Work order — Verbatim output of the lines below is required, with the images omitted.

Stored data —
=======

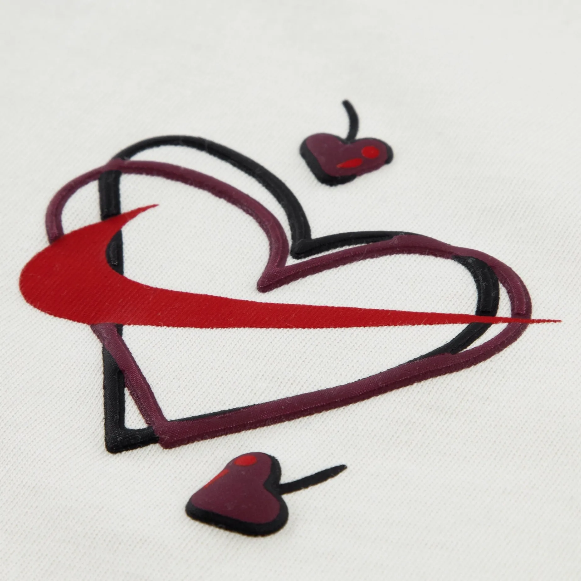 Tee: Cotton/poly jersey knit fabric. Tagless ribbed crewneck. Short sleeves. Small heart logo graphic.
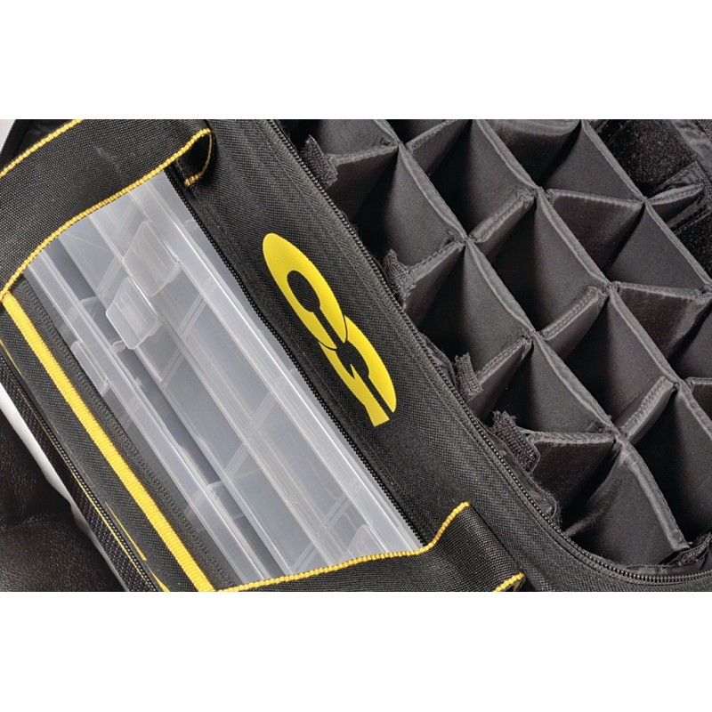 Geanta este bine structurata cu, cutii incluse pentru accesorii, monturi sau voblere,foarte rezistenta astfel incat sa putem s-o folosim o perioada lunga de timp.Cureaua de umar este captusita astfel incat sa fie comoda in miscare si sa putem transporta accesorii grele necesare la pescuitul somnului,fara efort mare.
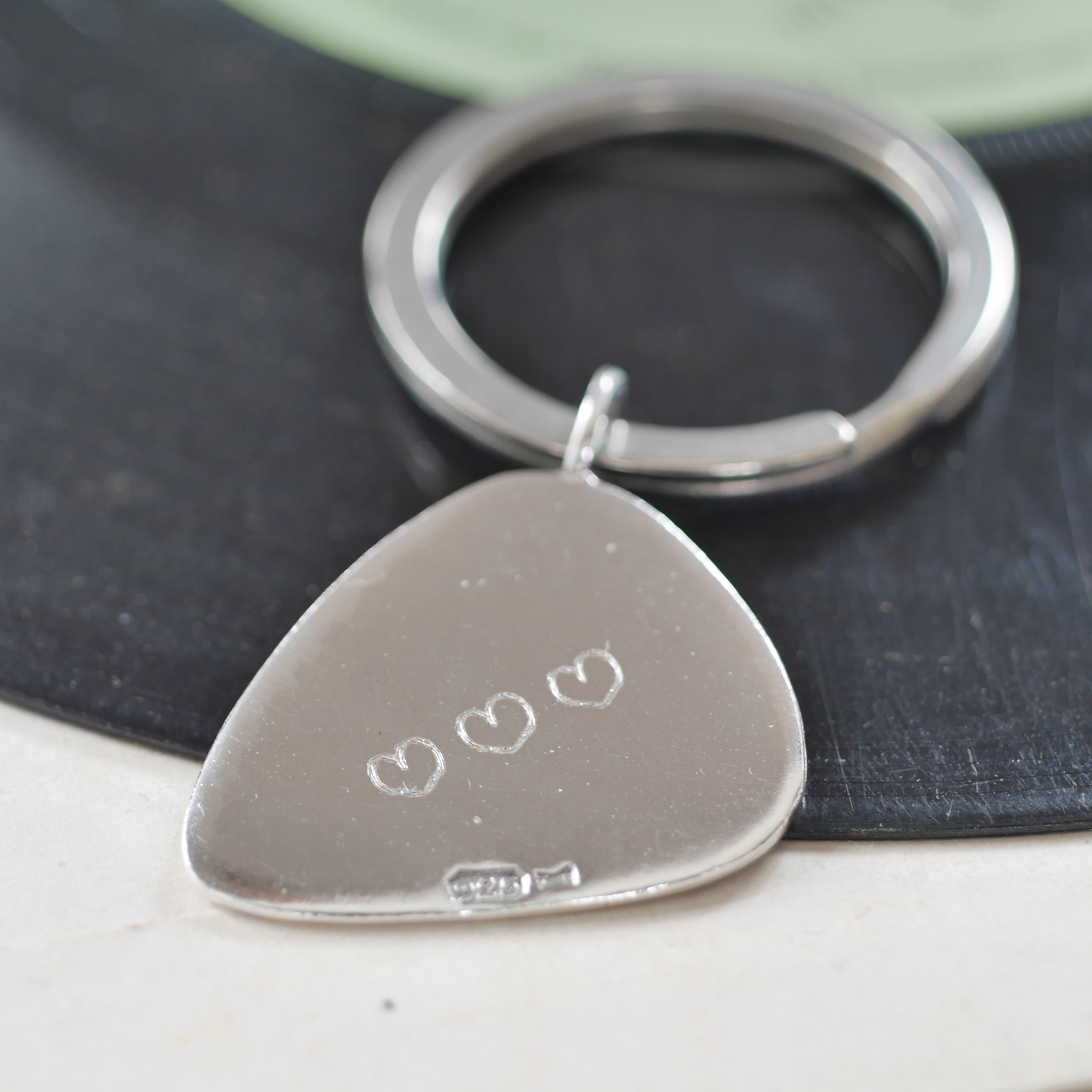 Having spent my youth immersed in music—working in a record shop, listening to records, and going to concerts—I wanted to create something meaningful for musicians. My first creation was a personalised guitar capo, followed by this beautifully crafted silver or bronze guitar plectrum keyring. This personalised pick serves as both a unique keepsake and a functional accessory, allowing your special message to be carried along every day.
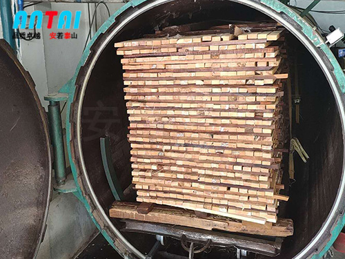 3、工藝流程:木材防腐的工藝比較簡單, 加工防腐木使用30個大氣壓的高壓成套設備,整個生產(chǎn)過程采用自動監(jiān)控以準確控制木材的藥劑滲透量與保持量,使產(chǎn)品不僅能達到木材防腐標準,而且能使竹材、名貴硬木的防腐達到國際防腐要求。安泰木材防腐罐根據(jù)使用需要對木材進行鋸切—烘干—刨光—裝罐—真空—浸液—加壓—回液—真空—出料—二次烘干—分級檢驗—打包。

=======

Written reply —
 Tee: Cotton/poly jersey knit fabric. Tagless ribbed crewneck. Short sleeves. Small heart logo graphic.
 Geanta este bine structurata cu, cutii incluse pentru accesorii, monturi sau voblere,foarte rezistenta astfel incat sa putem s-o folosim o perioada lunga de timp.Cureaua de umar este captusita astfel incat sa fie comoda in miscare si sa putem transporta accesorii grele necesare la pescuitul somnului,fara efort mare.
 Having spent my youth immersed in music—working in a record shop, listening to records, and going to concerts—I wanted to create something meaningful for musicians. My first creation was a personalised guitar capo, followed by this beautifully crafted silver or bronze guitar plectrum keyring. This personalised pick serves as both a unique keepsake and a functional accessory, allowing your special message to be carried along every day.
 3、工藝流程:木材防腐的工藝比較簡單, 加工防腐木使用30個大氣壓的高壓成套設備,整個生產(chǎn)過程采用自動監(jiān)控以準確控制木材的藥劑滲透量與保持量,使產(chǎn)品不僅能達到木材防腐標準,而且能使竹材、名貴硬木的防腐達到國際防腐要求。安泰木材防腐罐根據(jù)使用需要對木材進行鋸切—烘干—刨光—裝罐—真空—浸液—加壓—回液—真空—出料—二次烘干—分級檢驗—打包。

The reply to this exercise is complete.